Parse Date

one column has the date format like "2022-11-04 07:44:32.634000+00:00". select "Parse date…" in prepare recipe and show "Aww ...Smart Date could not find any format matching your data. Please try a custom format". Open Formula editor panel, input "concat(datePart(START_DATE,"year"),"_",datePart(START_DATE,"month")), and preview show "
| ||||
how can I parse the date correctly? |
Best Answer
-
Turribeach Dataiku DSS Core Designer, Neuron, Dataiku DSS Adv Designer, Registered, Neuron 2023 Posts: 2,531 Neuron
That can be done too. If the string has a dot you could use the substring() function to get the part up to the dot and concat it to the part after the plus.
Answers
-
Hi,
I hope that you are doing well.
So to clarify, this error occurs when attempting to to use the date parsing processor on : 2022-11-04 07:44:32.634000+00:00 ?
?
Was this error showing on the original dataset or occurred later on after data manipulation?
Would you mind providing a screenshot of the prepare recipe steps as well as a screen shot of the behavior at run?
You mentioned both parse date and formula steps, during which step the error is occurring?
Best,
Yasmine
-
Turribeach Dataiku DSS Core Designer, Neuron, Dataiku DSS Adv Designer, Registered, Neuron 2023 Posts: 2,531 Neuron
The format that you want to use in the Parse Date processor is: yyyy-MM-dd HH:mm:ss.SSSSSSZ
-
thanks for your date format. but some date could not find the correct format as above. my purpose is to parse the date as yyyy-mm-dd, and remove HH:mm:ss.SSSSSSZ to save the size, the other purpose is to add one column to show the date as yyyy_Q1(Q2~4). how can I do it?
-
Turribeach Dataiku DSS Core Designer, Neuron, Dataiku DSS Adv Designer, Registered, Neuron 2023 Posts: 2,531 Neuron
You have date/times which are in different formats.
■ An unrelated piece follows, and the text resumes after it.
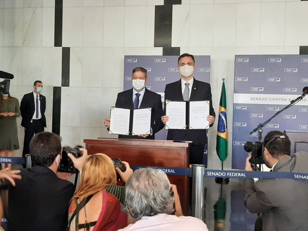 fevereiro 3, 202110:46 amOs novos presidentes do Senado e da Câmara, Rodrigo Pacheco (DEM-MG) e Arthur Lira (PP-AL), apresentaram nesta quarta-feira (3) medidas que consideram prioritárias para o país e assinaram um documento em que reforçam a intenção de dar agilidade à vacinação contra a Covid-19.

Some have the microseconds (the .999999 part) and some don't. You should really ask the data provider to give you the data in a consistent date/time format. If you can't do that you could try to inject .000000 in the rows that don't have the microseconds. For instance in your screen shot sample you should convert 2023-10-17 09:33:50+00:00 to 2023-10-17 09:33:50.000000+00:00 so that it can be parsed with the same date/time format. You can use the contains() formula combined with the if() formula to check if the value has a dot and if doesn't use the replace() formula to replace "+" by ".000000+" and that should do the trick.
-
thanks for your inputs. it's a good idea to inject the missing part in the date without the microseconds. if I like to remove the part of time and microsecond because I don't need this part of data, how can do it?